Is a bigdx ics theme supposed to come out for the bionic? I saw some screen shots on twitter of it on a razr but I thought I saw an earlier tweet about it coming on the bionic too...

Anyone know?


----------



## MistaWolfe (Oct 10, 2011)

It's out. You should see a link soon at MyDroidWorld.


----------



## boomerod (Oct 17, 2011)

jackdancerdroid said:


> Is a bigdx ics theme supposed to come out for the bionic?

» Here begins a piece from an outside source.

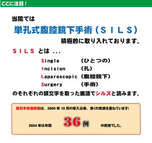 ここ近年、手術件数は少し減っていますが、腹腔鏡下手術の約9割以上で単孔式腹腔鏡手術(SILS)が取り入れられております。当院では患者様の体への負担が比較的に少ない腹腔鏡手術を積極的に行っております。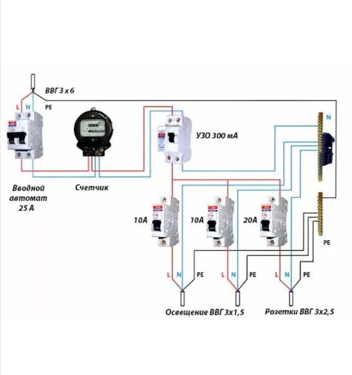 Что касается остальных автоматов, для розеток они могут быть рассчитаны на 16 А, а для группы освещения на 10 А. По-хорошему нужно рассчитать токовую нагрузку на жилой дом и подобрать наиболее подходящие характеристики автоматического выключателя. Розетки нужно обязательно защитить от утечек тока устройством защитного отключения либо дифавтоматом.

I saw some screen shots on twitter of it on a razr but I thought I saw an earlier tweet about it coming on the bionic too...
> 
> Anyone know?


Here you go: http://www.mydroidworld.com/forums/bignadad-bbionic-themes/10041-theme-bigdx-ics-stock-5-7-893-de-odexed-get-your-taste-ics-early.html


----------



## z28nck33 (Oct 10, 2011)

boomerod said:


> Here you go: http://www.mydroidworld.com/forums/bignadad-bbionic-themes/10041-theme-bigdx-ics-stock-5-7-893-de-odexed-get-your-taste-ics-early.html


Thanks!


----------



## boomerod (Oct 17, 2011)

z28nck33 said:


> Thanks!


YW...hit the Thanks button.


----------



## z28nck33 (Oct 10, 2011)

boomerod said:


> YW...hit the Thanks button.


I flashed but it has some issues. No biggie back on eclipse


----------